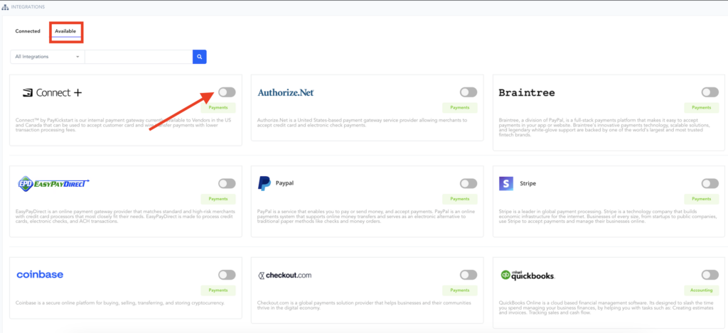 In your PayKickstart vendor account, go to Configure > Integrations section: https://app.paykickstart.com/admin/integrations
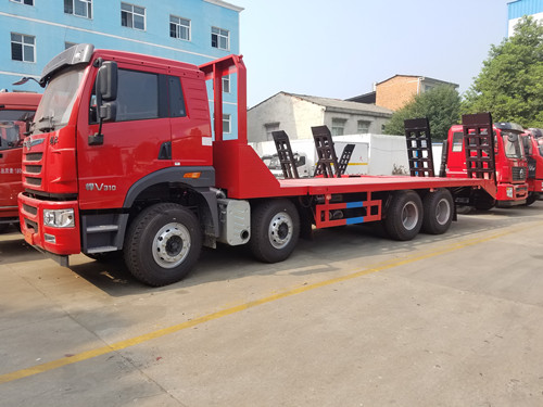 前四后八平板車配置:WP10.350E53,法士特10檔高低速,解放悍威駕駛室,13T雙后橋,300雙層大梁,1100R20鋼絲輪胎,軸距:1900+3200,3450+1350,整車尺寸:10000,11000X2500X3100,ABS,電動(dòng)門窗,行車記錄儀,氣囊座椅,原廠空調(diào).
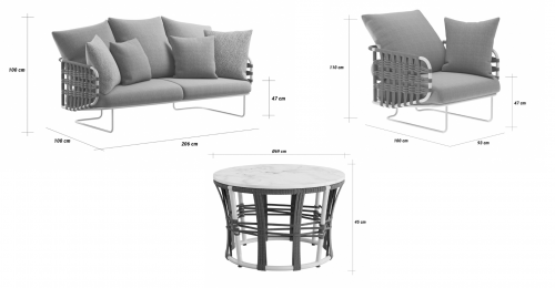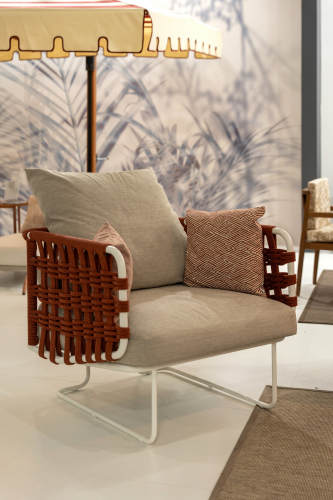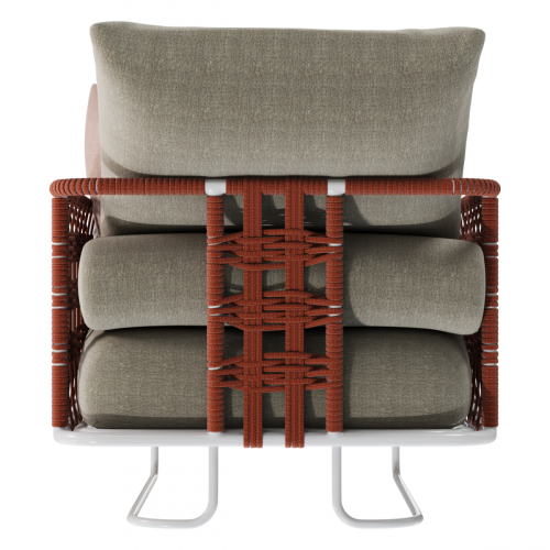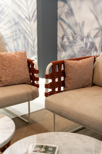 Коллекция Nido с ее насыщенными тонами встречает гостей беспрецедентной универсальностью: она идеально подходит как для светских мероприятий, так и для приватного отдыха. Баланс форм и объемов адаптируется ко всем различным пространствам, от домашних террас до элегантных и изысканных открытых площадок отелей и крупных заведений. Уникальная переплетающаяся веревочная система, являющаяся легким мотивом всей коллекции, обеспечивает крепкую плетеную спинку диванов и кресел. Мягкие подушки, чередующиеся однотонными цветами с геометрическими узорами, создают удобные поверхности для сидения. Металлические конструкции переплетаются с тканевыми веревками, создавая расслабляющее гнездышко на открытом воздухе. Ансамбль необходимых и тщательно продуманных форм, которые придают любому открытому пространству ощущение гостеприимства и уюта.
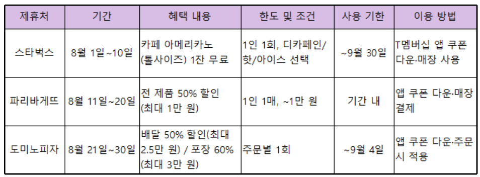 2025년 8월은 SKT 고객이라면 ‘매장 방문’ 또는 ‘앱 쿠폰’ 한 번으로 커피, 제빵, 피자를 모두 큰 폭의 혜택과 함께 경험할 수 있습니다.
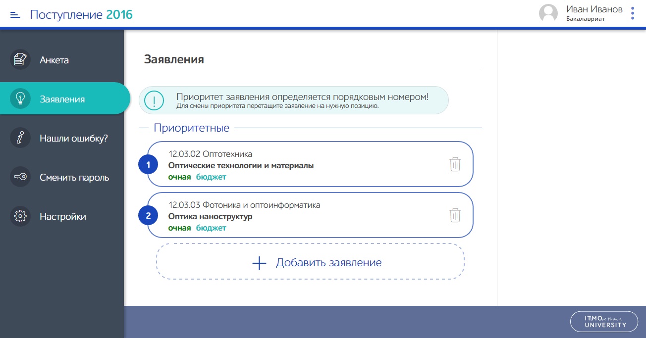 Если у заявлений на поступление теперь нельзя выставлять приоритет, почему в Личном кабинете на сайте для поступающих в Университет ИТМО оставлена такая возможность? Есть нумерация заявлений: 1, 2, 3.
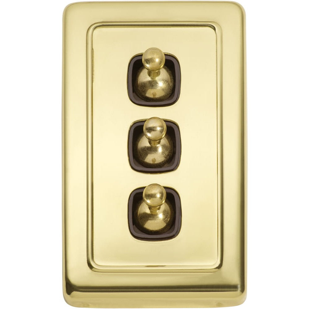 Switch Flat Plate Toggle 3 Gang Brown Polished Brass
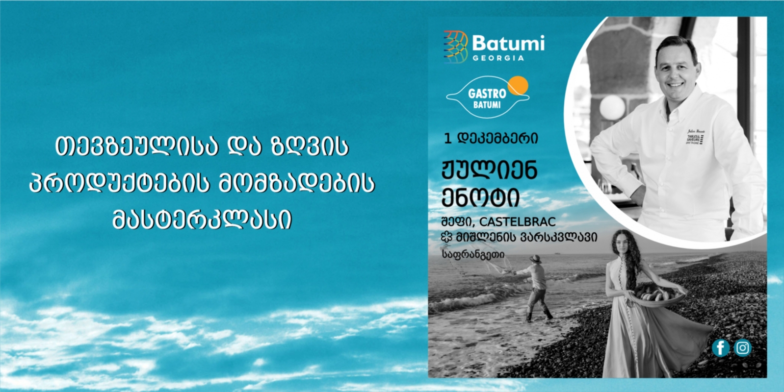 „თევზეულისა და ზღვის პროდუქტების მომზადების მასტერკლასის" დროს საფრანგეთიდან მოწვეული შეფი ჟულიენ ენოტი დაამზადებს ოთხ სხვადასხვა კერძს: კეფალი ვაკამეს გარნირით და ციტრუსის სოუსით; სიბასის კომფიტური ყვავილოვანი კომბოსტოს გარნირითა და თეთრი ღვინის სოუსით; კრევეტის სევიჩე წიწიბურას ფქვილის ტარტით და ჭარხლის საწებლით; წითელი ხონთქარი გოგრის კონფიტურით, მანდარინის მარმელადითა და ციტრუსის სოუსით.
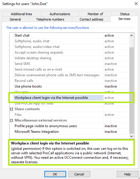 Beispiel Screenshot estos UCServer Verwaltung - Benutzerverwaltung - Benutzer - Einstellungen für Benutzer - Dienste - Allgemeine Funktionen - Arbeitsplatz Client Anmeldung über das Internet möglich
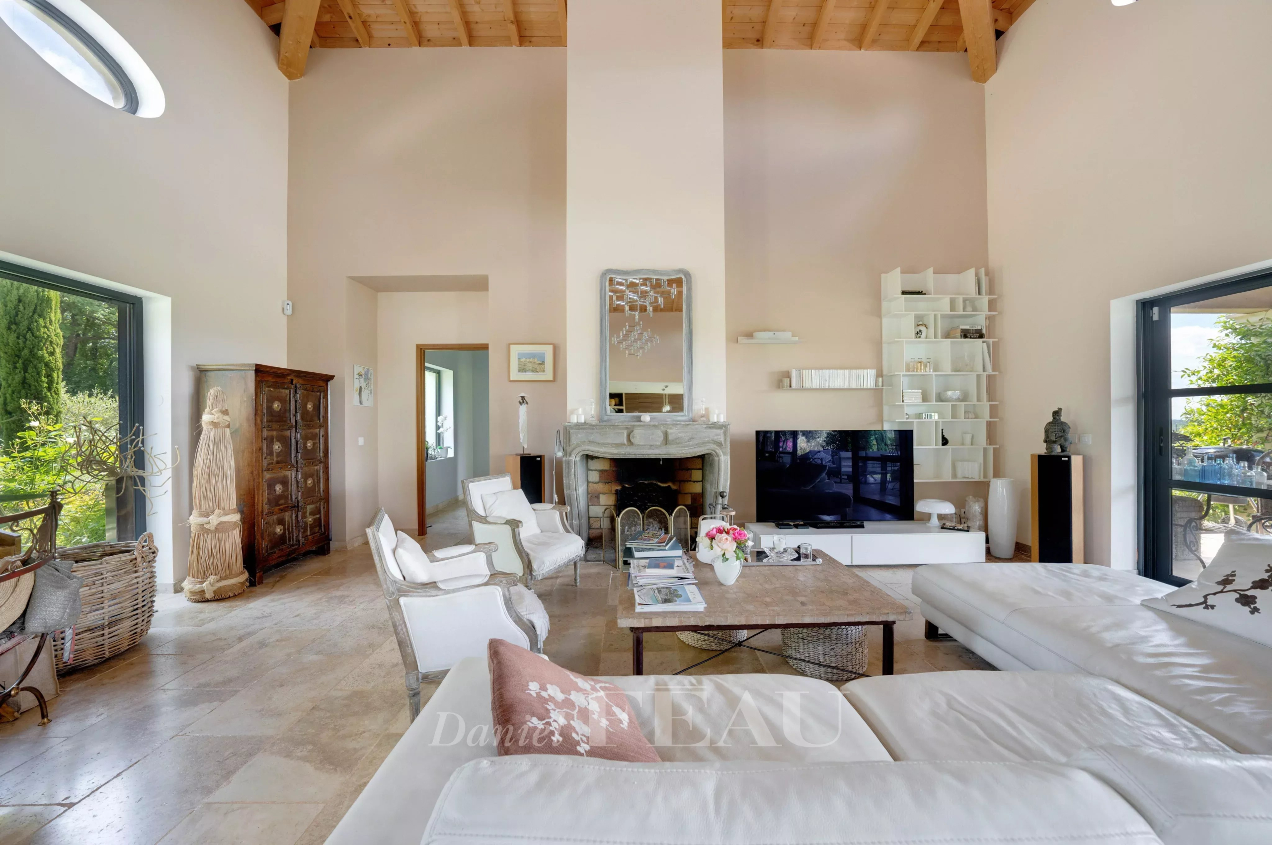 La maison présente 260 m² habitables de plain-pied et s’articule autour d’une pièce de vie de plus de 70 m², avec cheminée, cuisine ouverte et ouvertures au sud sur les terrasses et le jardin.
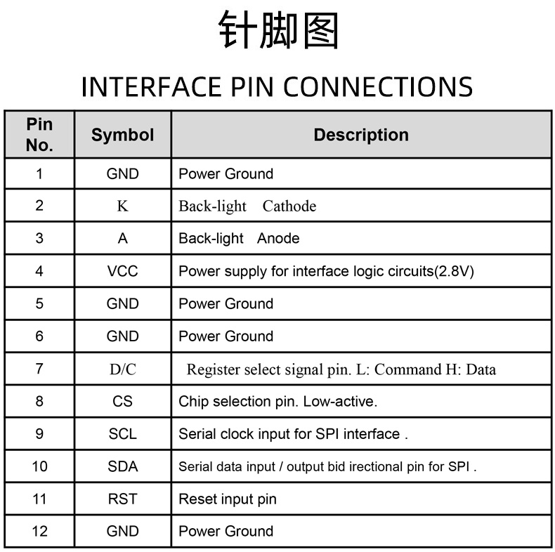 - Interface(接口):SPI-4W
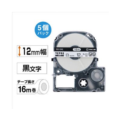 テプラ PROテープ ロング白色黒字12mm×5 SS12KL-5P
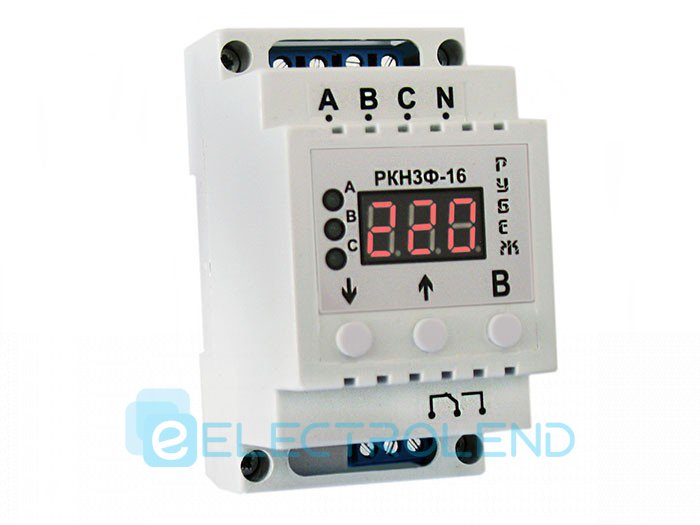 Реле контроля напряжения РКН3Ф-16, 16A, 380B, РУБЕЖ
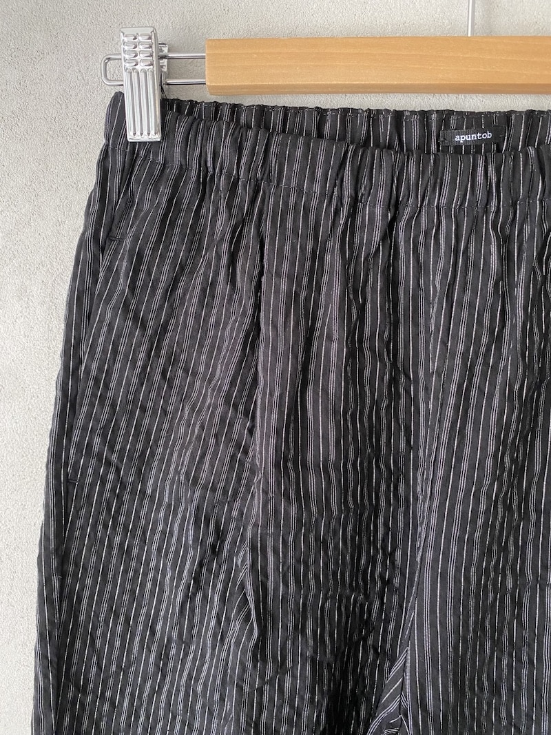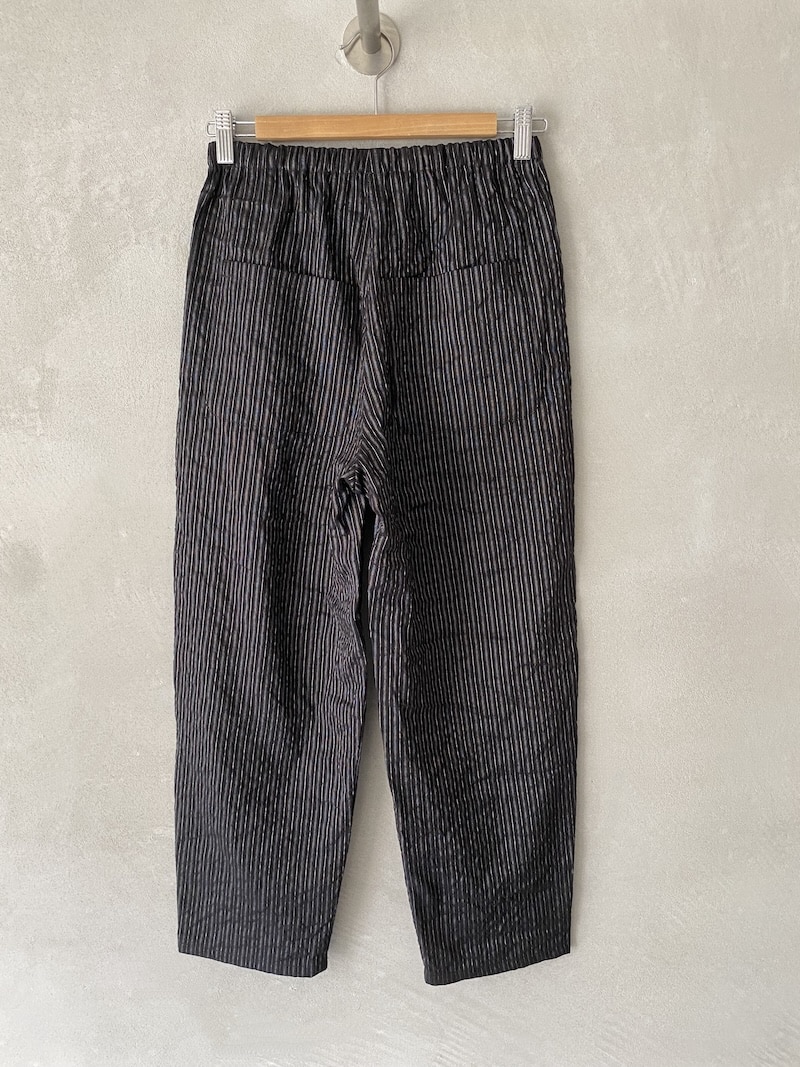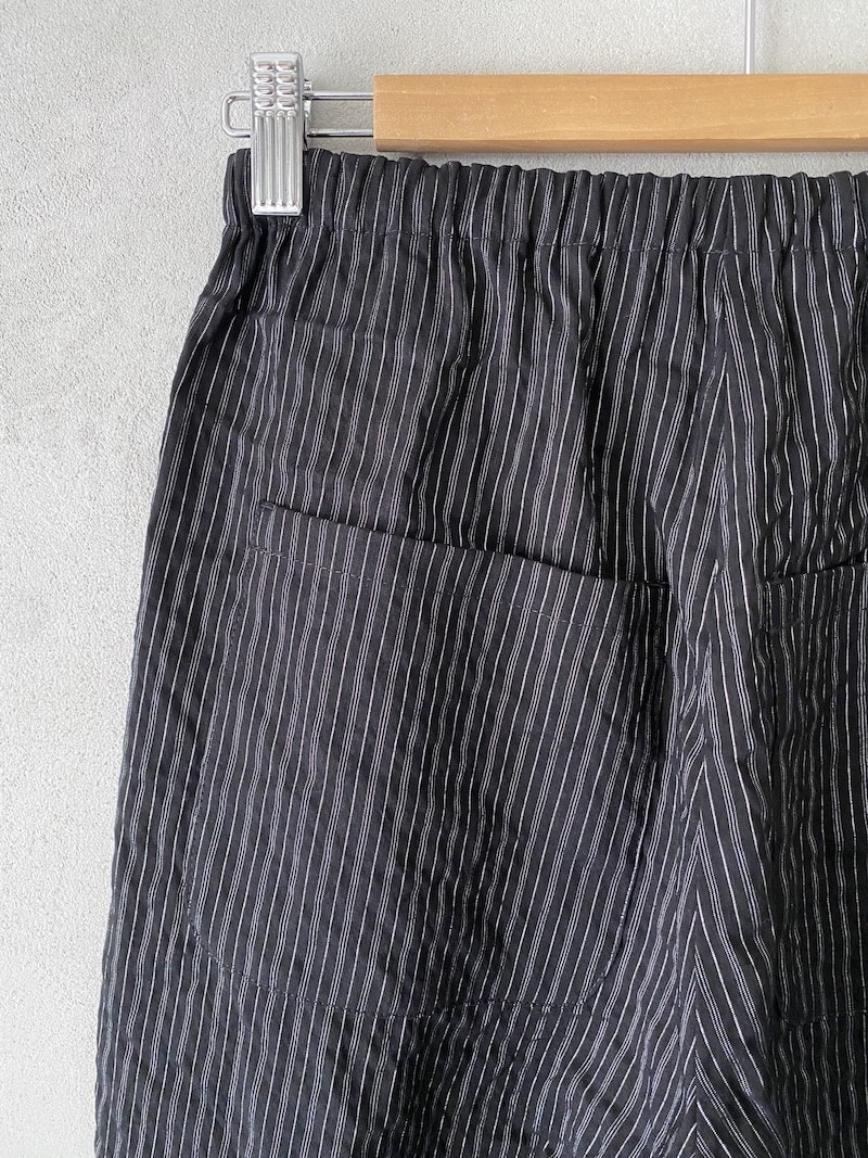 Pantalone in viscosa e lino a righe sottili. Vita con elastico basso e arricciatura. Linea dritta con volume morbido e gamba regolare. Due tasche laterali inserite in cucitura e due tasche applicate sul dietro. Fondo dritto con orlo impunturato. Vestibilità morbida.

◇ ◇ ◇ ◇

Exercise directions:
Give back, word for word, the lines from the line that contains "La maison présente" through the last line of the records, with no pictures and nothing else.

Result of this task:
 La maison présente 260 m² habitables de plain-pied et s’articule autour d’une pièce de vie de plus de 70 m², avec cheminée, cuisine ouverte et ouvertures au sud sur les terrasses et le jardin.
 - Interface(接口):SPI-4W
 テプラ PROテープ ロング白色黒字12mm×5 SS12KL-5P
 Реле контроля напряжения РКН3Ф-16, 16A, 380B, РУБЕЖ
 Pantalone in viscosa e lino a righe sottili. Vita con elastico basso e arricciatura. Linea dritta con volume morbido e gamba regolare. Due tasche laterali inserite in cucitura e due tasche applicate sul dietro. Fondo dritto con orlo impunturato. Vestibilità morbida.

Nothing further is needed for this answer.